The answer to why presidents are tentative to use their clemency powers is complex, but much of their caution may hang on public opinion.

“It’s a no-win situation for presidents,” said Ken Lee, a lawyer with Jenner & Block LLP, who assisted with pardons as former associate counsel to President Bush.

Examples of blowback that can be caused by pardons include Clinton’s pardon of commodities trader Marc Rich on his last day in office, and George H.W. Bush’s pardon of officials indicted during the Iran-Contra affair.

Ruckman and Lee both make the case that presidential clemency, authorized directly by Article II of the U.S. Constitution, should be utilized with less hesitancy.

“There’s a reason why the framers included the pardon power in Article II,” Lee said. “I think it is a very important part of our criminal justice system.”

Originally, Ruckman said that the power of the pardon was partially intended to fill in the gray area between black-and-white laws.

“Reaching further back in history, they’re there because the law is not perfect,” Ruckman said. “In the territories there were no distinctions between murder and manslaughter. Since the early 1900s our law has become more federalized and more elaborate; we’ve made more distinctions.”

Clemency gives the president leeway to forgive offenders who have paid their dues, and the power to right perceived injustices in the system.

Ruckman cited the sentencing disparity between crack and cocaine — something Obama has categorized as unjust — as a place where the president could be utilizing his clemency power.

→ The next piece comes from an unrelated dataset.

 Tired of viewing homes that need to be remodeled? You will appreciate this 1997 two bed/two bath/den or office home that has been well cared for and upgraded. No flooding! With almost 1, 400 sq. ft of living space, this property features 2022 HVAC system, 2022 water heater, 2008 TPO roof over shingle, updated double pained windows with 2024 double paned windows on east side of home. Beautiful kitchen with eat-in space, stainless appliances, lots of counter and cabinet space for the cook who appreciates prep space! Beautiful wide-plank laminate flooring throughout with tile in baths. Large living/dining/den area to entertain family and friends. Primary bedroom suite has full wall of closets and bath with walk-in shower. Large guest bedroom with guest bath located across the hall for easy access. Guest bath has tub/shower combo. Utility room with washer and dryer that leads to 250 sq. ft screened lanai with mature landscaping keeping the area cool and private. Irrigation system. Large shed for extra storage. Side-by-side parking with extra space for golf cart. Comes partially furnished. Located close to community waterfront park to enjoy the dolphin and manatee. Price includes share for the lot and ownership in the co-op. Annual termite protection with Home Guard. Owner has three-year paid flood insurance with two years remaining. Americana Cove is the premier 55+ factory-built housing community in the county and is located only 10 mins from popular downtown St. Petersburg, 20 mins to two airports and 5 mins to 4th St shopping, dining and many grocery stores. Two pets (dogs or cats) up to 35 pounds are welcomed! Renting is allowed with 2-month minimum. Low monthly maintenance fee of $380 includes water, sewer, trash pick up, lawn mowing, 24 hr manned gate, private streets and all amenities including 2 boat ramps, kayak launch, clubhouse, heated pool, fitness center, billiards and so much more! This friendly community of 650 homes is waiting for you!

“Presidents need to develop a pardon policy, and by that I mean, they need to pardon in a systematic way to attack particular problems,” Ruckman said. “A president might say, ‘OK, let’s pardon people who have received life sentences for non-violent first-time offenses.'”

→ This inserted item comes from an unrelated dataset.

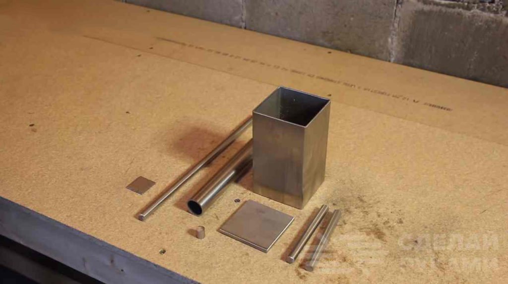 Для изготовления самодельного пресса потребуется кусок квадратной профильной трубы, круглая трубка, а также стальная квадратная пластина и круглый пруток. Первым делом отрезаем заготовки нужного размера.

Lee said that the majority of pardon candidates are vetted through a multi-step process before being approved.

“It is a very lengthy process,” Lee said. “The Department of Justice has an Office of the Pardon Attorney. Then the Department of Justice gives a recommendation to the White House. Of course, the White House doesn’t have to follow it.”

Lee and Ruckman both guessed that Obama’s first pardons will come around Christmas.

“What presidents tend to do is pile them up, so to speak, and then dump them in December,” Ruckman said.

By that time, he will have waited the third-longest of any president, rivaled only by Bush Jr., who held off for 702 days before exercising his clemency power, and Washington, who waited 1,811 days. But Ruckman said Washington can’t be compared with the others.

“The criminal law wasn’t federalized like it is today. Arguably he doesn’t even belong on the list,” Ruckman said. “If you exclude Washington, it’ll just be Obama and Bush.”